### DATA LISTING
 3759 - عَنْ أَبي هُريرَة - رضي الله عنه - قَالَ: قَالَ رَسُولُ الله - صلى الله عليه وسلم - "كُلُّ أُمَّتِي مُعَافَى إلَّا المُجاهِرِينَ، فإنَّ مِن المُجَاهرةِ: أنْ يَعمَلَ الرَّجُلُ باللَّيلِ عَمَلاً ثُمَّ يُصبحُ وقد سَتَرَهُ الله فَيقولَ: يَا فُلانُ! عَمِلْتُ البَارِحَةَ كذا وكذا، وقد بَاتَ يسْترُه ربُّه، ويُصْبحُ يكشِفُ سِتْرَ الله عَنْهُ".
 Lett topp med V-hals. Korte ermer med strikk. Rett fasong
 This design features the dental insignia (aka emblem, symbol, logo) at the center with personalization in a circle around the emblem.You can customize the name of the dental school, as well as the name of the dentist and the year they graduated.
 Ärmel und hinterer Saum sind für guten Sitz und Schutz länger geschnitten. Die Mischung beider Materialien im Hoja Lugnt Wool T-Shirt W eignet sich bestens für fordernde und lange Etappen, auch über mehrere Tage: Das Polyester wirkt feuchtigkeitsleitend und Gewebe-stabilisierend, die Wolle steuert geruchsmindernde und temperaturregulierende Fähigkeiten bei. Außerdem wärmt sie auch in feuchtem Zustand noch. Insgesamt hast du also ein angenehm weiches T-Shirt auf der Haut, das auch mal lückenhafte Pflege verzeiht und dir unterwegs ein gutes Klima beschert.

--

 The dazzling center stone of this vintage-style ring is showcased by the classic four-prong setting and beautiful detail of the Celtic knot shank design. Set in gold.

* * *

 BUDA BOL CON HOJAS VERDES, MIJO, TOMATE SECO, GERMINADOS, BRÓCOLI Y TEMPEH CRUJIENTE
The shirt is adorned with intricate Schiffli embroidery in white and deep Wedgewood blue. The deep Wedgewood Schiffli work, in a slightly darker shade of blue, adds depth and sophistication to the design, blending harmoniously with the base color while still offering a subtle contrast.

### TASK TO CARRY OUT
Read the data above. Pull out each line in which the string "center" appears.

### RESPONSE
 This design features the dental insignia (aka emblem, symbol, logo) at the center with personalization in a circle around the emblem.You can customize the name of the dental school, as well as the name of the dentist and the year they graduated.
 The dazzling center stone of this vintage-style ring is showcased by the classic four-prong setting and beautiful detail of the Celtic knot shank design. Set in gold.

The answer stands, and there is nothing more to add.